Umm the grout, oh Colin my white grout is brown today, I give up and cant keep up with the scrubbing, oh that sounds wrong doesn't it!

Yep their is a size difference ... but I have always been told size doesnt matter!!!

I am not talking about size or weight until Fudge slims down  I want her to be an average size poo not a hefty, or was it heifer, or hefferlump (Karen) !!!


----------



## lady amanda (Nov 26, 2010)

Ah...thanks for the pic Colin! They are so cute together...can't wait to see how big he gets.

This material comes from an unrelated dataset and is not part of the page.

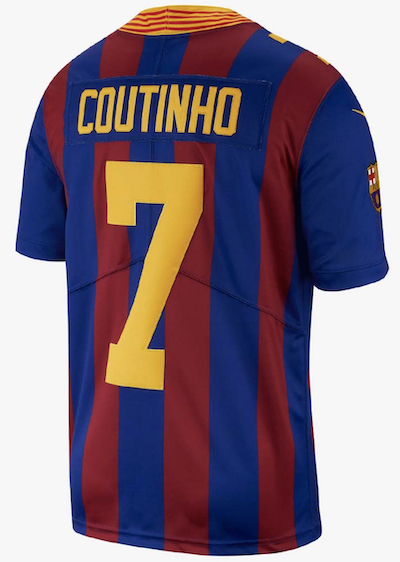 Quelle très bonne initiative que celle prise par Nike avec les clubs premiums que la marque habille. Comme pour Chelsea, Tottenham ou le Barça notamment, la marque de l’Oregon a produit un maillot du PSG en prenant les codes du football tel que le pratiquent nos lointains voisins américains : c’est-à-dire avec les mains. Comme tout est fait à l’envers entre le foot et le soccer, les numéros des joueurs sont visibles en énorme, à l’avant de la tenue.
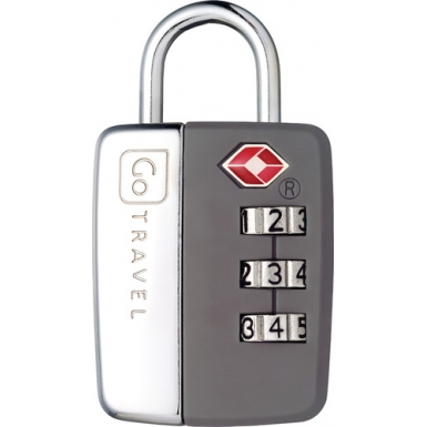 Candado de combinación Go Travel en color gris. Este candado cuenta con un mecanismo de código de 3 líneas de dígitos, que permite configurarlo con un código personalizado para su desbloqueo exclusivo. Aprobado por TSA, este candado permite que el equipaje sea examinado por seguridad sin causarle daño. Es adaptable a la mayoría de las maletas y bolsas, proporcionando seguridad para sus pertenencias durante todo el trayecto.

Sent from my A100 using Tapatalk 2


----------



## wellerfeller (Jul 12, 2011)

Lovely doggies but get scrubbing on that grout!


----------



## embee (Dec 27, 2010)

Life's too short to worry about scrubbing grout  Betty and Ted look great...


----------



## Janev1000 (Oct 4, 2011)

Betty and Ted look great together! Your grout looks fine! - I purposely chose a paler grout so that it could get dirty and look authentic - like it had been there for 100 years - any excuse for a low maintenance house! x


----------



## Scarlett (Dec 15, 2011)

You have 2 gorgeous dogs! And it does look like Ted is going to be a big boy, but then he can protect his sister


----------



## Mogdog (Feb 6, 2011)

He certainly has grown ... they look adorable together! xx


----------



## MillieDog (Jun 1, 2011)

Ah Colin, lovely Ted & Betty, chilling on the cool white marble floor. The grout seems fine to me. I'm looking at the reflection in the shiny floor and trying to work out what it is. Apparently, on ebay, you can play a game of looking at reflections in the item being sold and see if the ebay is actually wearing clothes or not


----------



## mairi1 (Mar 12, 2012)

MillieDog said:


> Ah Colin, lovely Ted & Betty, chilling on the cool white marble floor. The grout seems fine to me. I'm looking at the reflection in the shiny floor and trying to work out what it is. Apparently, on ebay, you can play a game of looking at reflections in the item being sold and see if the ebay is actually wearing clothes or not


Haha ... That made me laugh  
Now Just visualising you scrutinising the photo trying to work out what the reflection is


----------



## Janev1000 (Oct 4, 2011)

Must admit I was looking at the reflection too! x


----------



## colpa110 (Jul 5, 2011)

I think what you are looking at is pooch bells hanging from the back door...a prezzie from the ex weather girl / ex meet organiser 

Jojo would you like to share your share your special formula for grout whitening with everyone please


----------



## mandym (Jun 5, 2011)

wow ted has grown,definately going to be a big boy! your comment about your tiles sounds so much like the one i left jojo the other day,budah had been munching on a greasy chicken skin and it was until after id sent the pic of him to jojo i saw the greasy stains on the bed lol jojo insisted she couldnt see them lol x


----------



## KCsunshine (Apr 16, 2012)

awww they are gorgeous and yup he's a big boy alright!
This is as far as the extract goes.